I need to downscale an image in a factor of $s_x$ horizontally and $s_y$ vertically ($s_x$, $s_y$ < $1$).
I want to use a finite $n\times m$ low-pass filter before downsampling.
How should I determine the low-pass filter parameters ($n, m$ and the Gaussian $\sigma$) to get it as a function of $s_x$ and $s_y$?
Specifically, I'm interesting in the case where $s_x=s_y=1/\sqrt{2}$.
You have to think about the change in Nyquist frequency between both images. If the Nyquist frequency of the original image is N, the downsampled image will have a lower Nyquist frequency, xN, where x is related to the ratio of sizes between the final image and the initial one. You would need to remove those spatial frequencies which are higher than xN in the original image before downsampling it.
The power spectrum of a Gaussian in the image space, is also a Gaussian in the frequency space. If we ignore for a moment the second dimension, the Gaussian in the image space is defined as exp(-x^2/s^2), where x represents your pixels. This is mapped to the frequency space as exp(-w^2*s^2), where w is the frequency. The sigma parameter (s) shows that a broad Gaussian in the image space, corresponds to a narrow Gaussian in the frequency space.

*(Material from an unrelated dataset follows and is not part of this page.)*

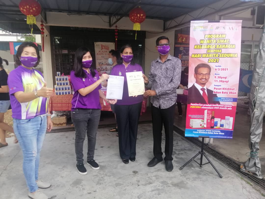 எனவே, பத்து உபான் மகளிர் மற்றும் குடும்ப மேம்பாட்டுக் குழுவின் ஏற்பாட்டில் அவ்வட்டாரத்தில் வாழும் மகளிர்களை அங்கீகரிக்கும் பொருட்டு இலவசமாக சுகாதார பொருட்கள் வழங்கப்பட்டன. இத்திட்டத்தின் கீழ் தகுதி பெற்ற 150 மகளிர்களுக்கு இச்சுகாதார பொருட்கள் வழங்கப்பட்டன.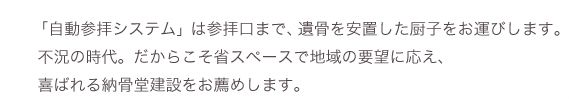 時代を見越す【自動参拝システム】全く新しい納骨堂の提案です。

You would like to choose a sigma parameter that yields a very low value in frequency space at the frequency that corresponds to the Nyquist frequency of the down sampled image.
It's already been pointed out that $n$ and $m$ are to be chosen based on $\sigma$.
I've spent some time thinking on how to pick $\sigma$ best. Here are my considerations. tl;dr: Maybe I made some mistake, but $\sigma^2\approx3.37$ looks like a good choice for down-sampling by factor 2.
If you were doing a large downsize (say 2x, 3x, 4x) you can do pixel averaging to achieve good anti-aliasing. That's actually why anti-aliasing uses a lot of additional CPU/GPU in order to make video games look crisper.
Since you're going from a 1000x1000 to a 707x707 image (just an example for the scale factor) you're correct that aliasing might be an issue.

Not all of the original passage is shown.